Durante nuestro tiempo en el desierto, los entomólogos hacen un par de descubrimientos excitantes. Para empezar, hallan una polilla bandera gigante del norte (Dysschema howardi) preñada, cuyo valor Chambers calcula en $700 dólares, entre lo que la gente está dispuesta a pagar por un espécimen desecado y sus masas de hueva. Pueden ser criadas en lechuga romana con poco esfuerzo. También nos cruzamos con la rara y venenosa víbora de cascabel de nariz puntiaguda (Crotalus willardi). “En serio que quiero sostenerla”, dice Hardin. “Este chico está pidiendo que lo abracen”. Pero con lawillardi, incluso Chambers se contiene. Hace pocos años, se halló un hombre muerto en esta área de las montañas Huachuca, con treswillardi en su persona. Las víboras alguna vez alcanzaron los $1000 dólares en Alemania, aun cuando es ilegal capturarlas.

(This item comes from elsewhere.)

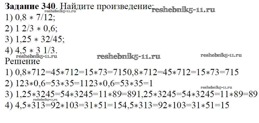 Готовая домашняя работа с ответами по Математике за 6 класс Мерзляк, Полонский, Якир Учебник Алгоритм успеха Вентана-граф 2016 ФГОС - Глава 2. Обыкновенные дроби (упражнения) 340

Reeves decide llevarse a casa algunas arañas de sol, arácnidos que poseen quelíceros gemelos, o colmillos, que les dan una apariencia terrorífica. Casi “nada se sabe de estos chicos, y me gustaría empezar a recabar material para una publicación sobre ellos, más adelante”, dice él.
Pero también es igual de asombroso contemplarlos porque sí. Una de las cosas más memorables de las primeras experiencias de Schmidt en el monzón de Arizona, y una razón por la que se mudó a Tucson, fue “ver una araña del sol, esa máquina de devorar tan rápida como el rayo y cual sierra circular, en medio de un remolino de escamas de polilla volando”.